Stories never end, they are just abandoned. Nor do they start; only conveniently begun. So when a story is over, we forget it like we would an empty soda can. This is a sentiment at the heart of our literary and cinematic traditions.

In a film like The Constant Gardener, the sense of abandonment took form long before the main characters ever met, probably before they were born. Much of the movie is a long walk through the valley of despair, with hope as the elusive goal of this plaintive journey.

The film opens with a husband's concern for his wife's wellbeing. It then cuts to her sudden death in a vast African dessert. Her jeep is flipped over, wheels spinning. It's an eerie moment, unsettling as coming home to an intruder.

The husband is John, and his wife was Tessa. She's 24 and he's much older. The two had been in Africa as part of the British Diplomatic Service. He's there because it's his job, and she's there because she insisted.

John is a professional civil servant, a man who has spent most of his life repressing his emotions so he can be the proxy for his boss, speaking to audiences who are there only to heckle his employer. Tessa was very loud when she attended one of these speeches.

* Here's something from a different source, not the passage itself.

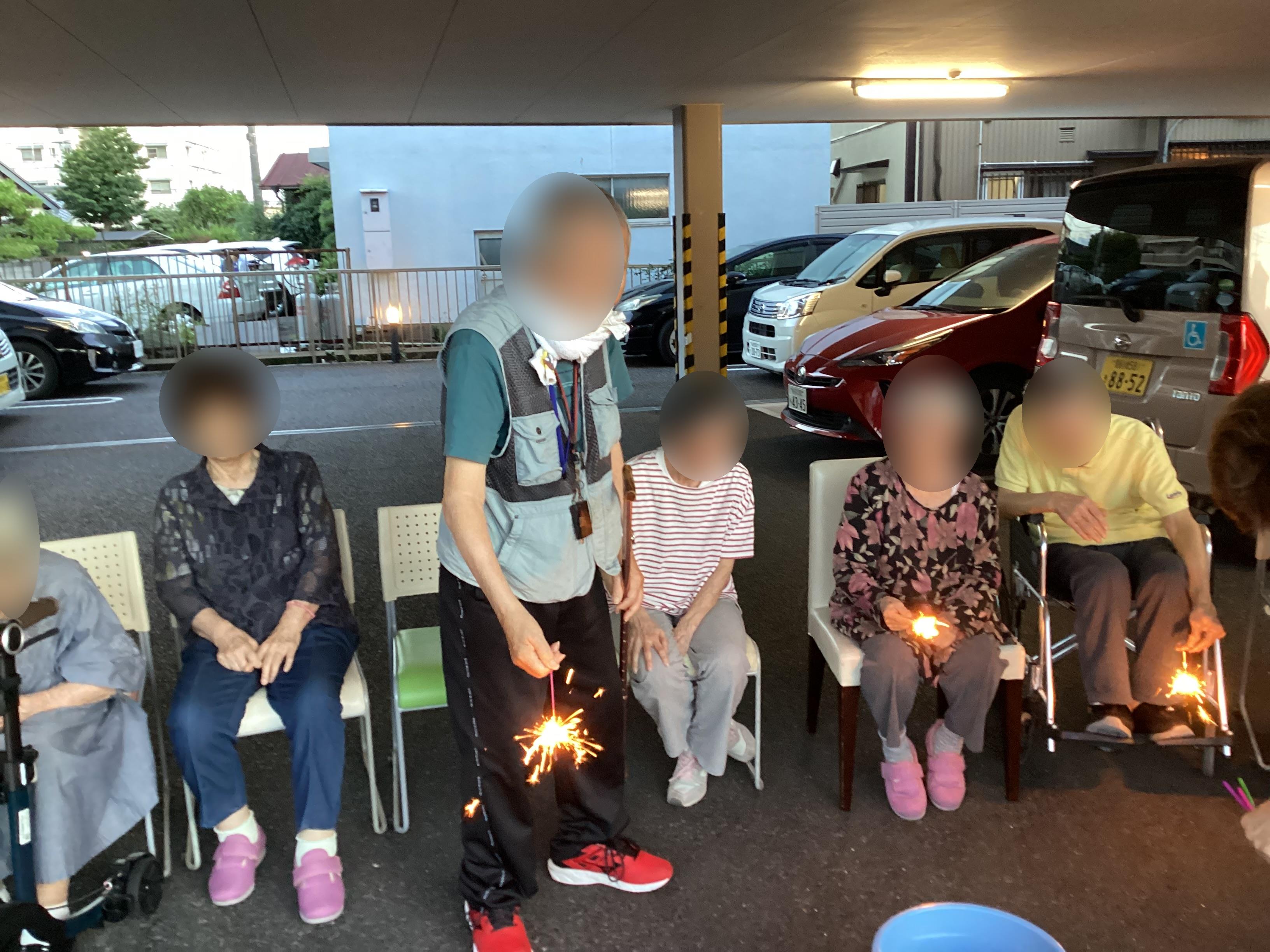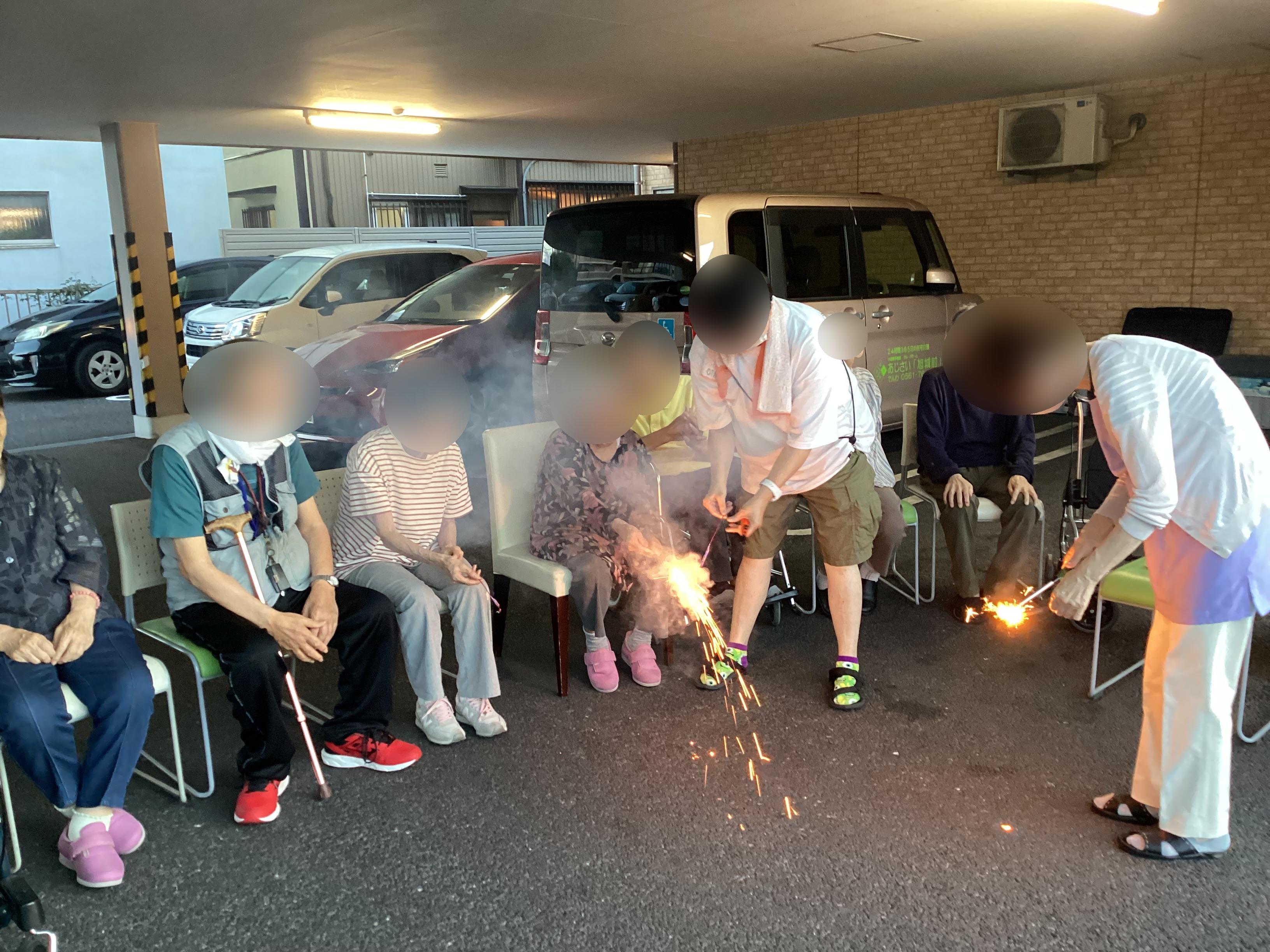 旭城前にて夕食後に涼みながら花火を楽しんでいただきました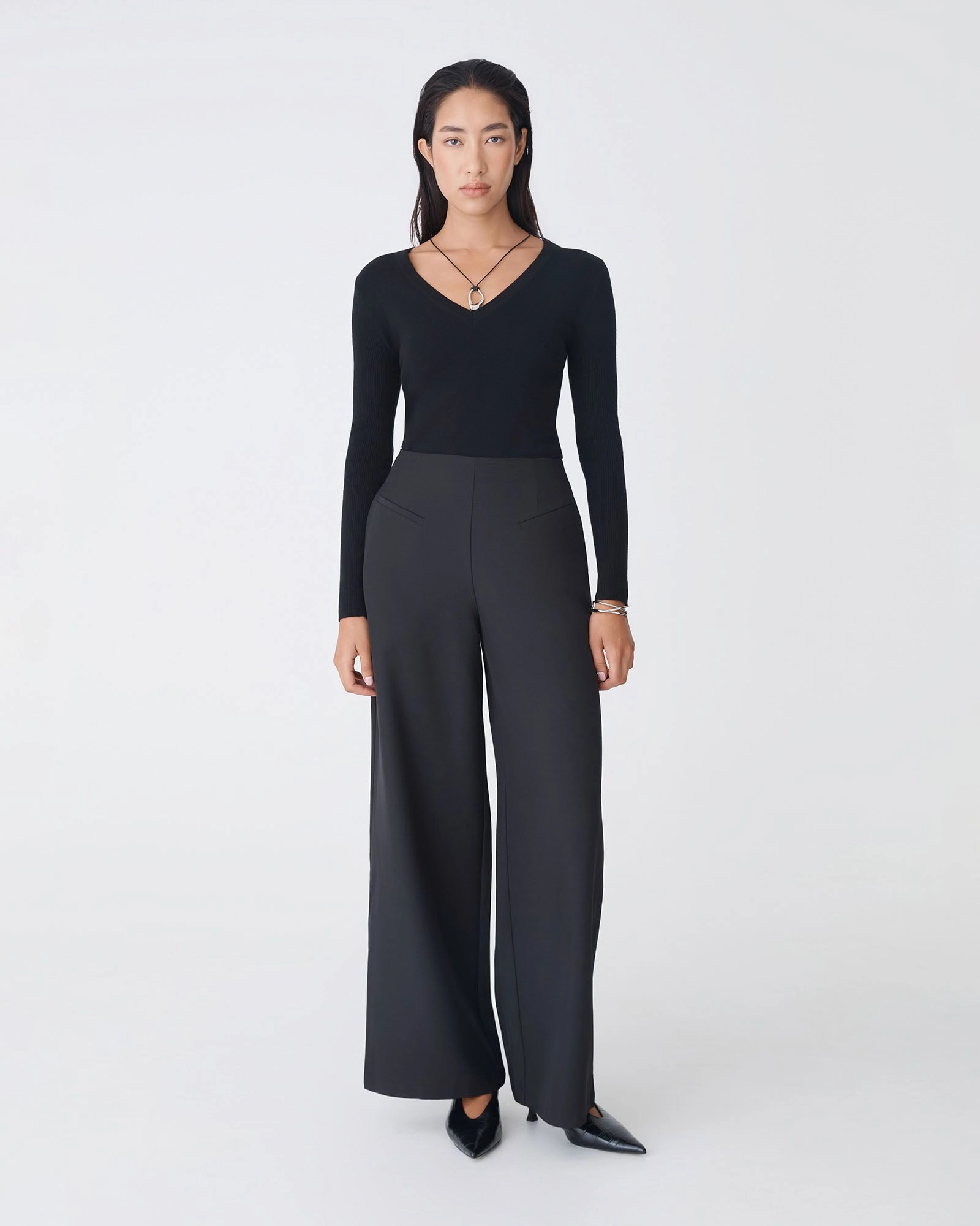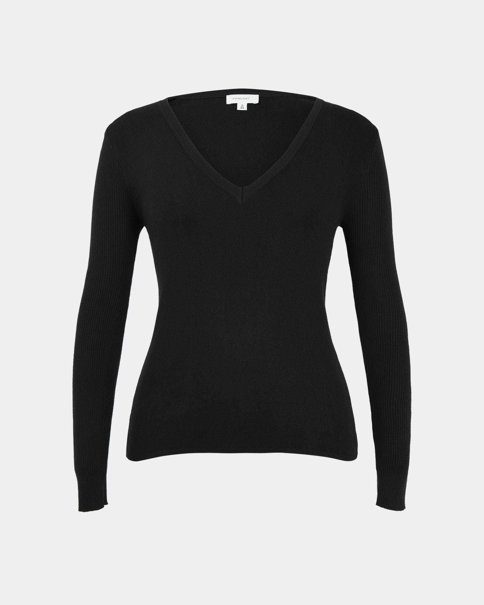 The Vicky V-Neck Knit is a sleek and sophisticated wardrobe essential. Featuring a statement V-neckline and long sleeves, it has ribbed detailing on the sleeves for added texture. It is medium weight with stretch fabrication offering a body hugging fit for all day comfort.

Tessa is wealthy by inheritance and has the luxury of being a political activist. She takes action where John prefers restraint and suffers from an inability to compromise. He works in his private botanical garden; she pulls weeds out of society.

Why these two are married is half the film's mystery. It's just there, a fact of the universe like gravity or Walmart. It's something John didn't understand either, not at first.

Structurally, the film is split into two parts. The first half is John's exploration of why his wife died, and the second is how he'll mourn her memory. As a whole, the film is the story of John's transformation from the detritus of his wife's tragedy.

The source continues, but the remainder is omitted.